Published at: 2026-07-14 22:00 Last updated: 2026-07-15 02:00
#AI #Machine Learning #Open Source

Abstract

Large language model (LLM) coding agents are increasingly deployed to autonomously perform software engineering tasks in terminal-based environments, making their reliability a growing concern. Existing empirical studies investigate why coding agents fail, yet they largely treat failure as a final outcome rather than a temporal process, providing limited insight into how failures emerge, evolve, and become unrecoverable.

We present the first large-scale empirical study of CLI coding-agent failure trajectories, introducing a process-oriented framework that analyzes failure through its onset, evolution, and recovery across execution trajectories. We first collect 3,843 execution trajectories generated by seven frontier models across three coding-agent scaffolds (OpenHands, MiniSWE, and Terminus2) on Terminal-Bench, then carefully filter them to obtain 1,794 complete and valid trajectories for manual annotation (over 63,000 execution steps).

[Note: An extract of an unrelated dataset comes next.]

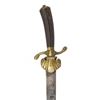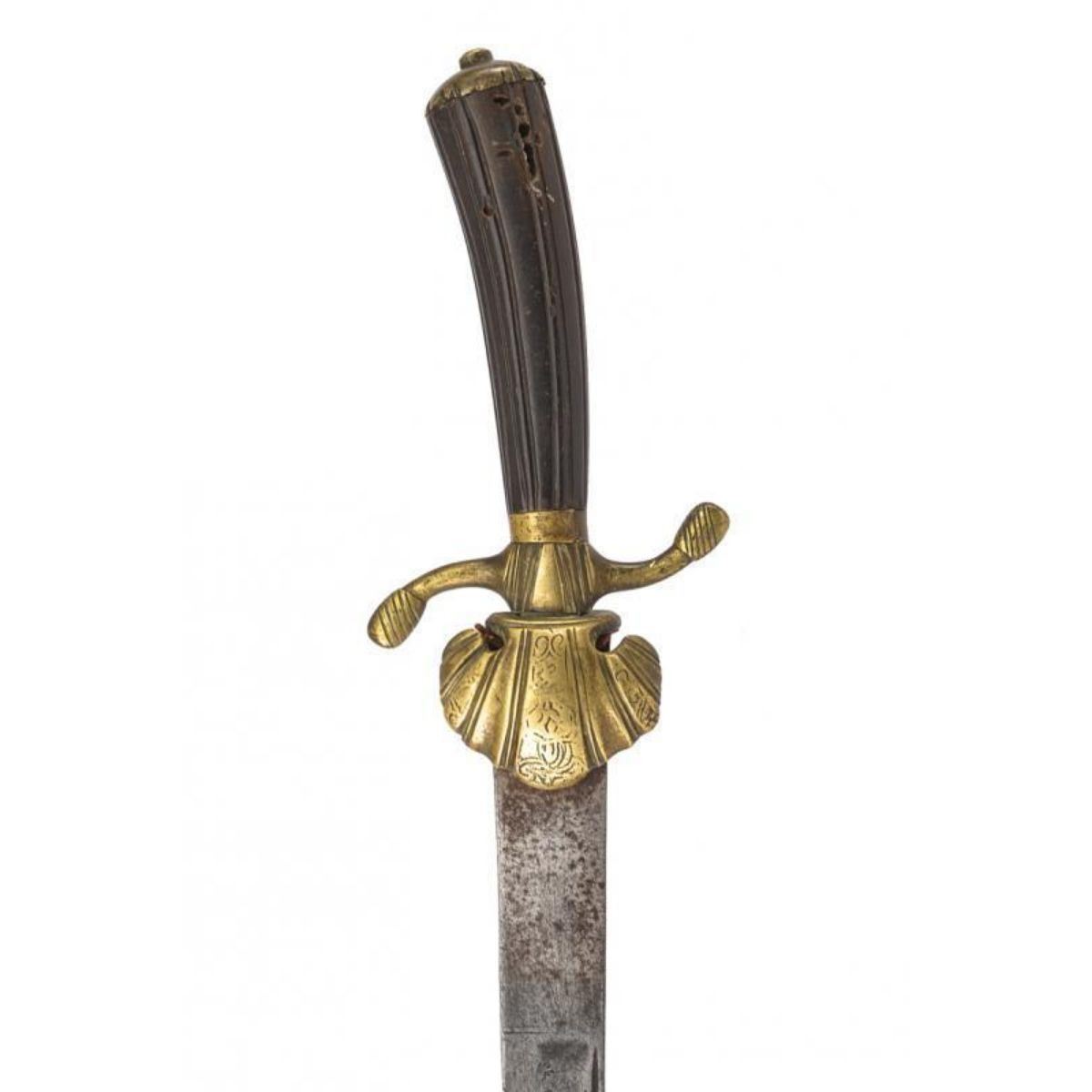 Late 18thc German straight blade with a thread & counter-thread, the first part with remains of engravings with hunting motifs, leaping stags; brass furnishing with pelta, solid wood & grooved hood, the pelta also engraved. Horn handle with longitudinal grooves. 24 1/2" ( 62 cm ). 10121-040518-CZ-01217

From this, we derive 14 findings spanning failure occurrence, root causes, recovery, and cross-system consistency. Our findings show that coding-agent failures are predominantly driven by epistemic errors, typically begin within the first few execution steps, and often remain hidden until recovery is no longer possible, suggesting that improving coding-agent reliability requires earlier validation and intervention rather than relying solely on final-outcome evaluation.

Blogger's Review: This study provides a fresh perspective on understanding the failures of CLI coding agents. By analyzing the evolution of failures, it not only uncovers root causes but also emphasizes the importance of early interventions, which is crucial for enhancing the reliability of future coding agents. Such research can provide a theoretical basis for developing smarter coding tools.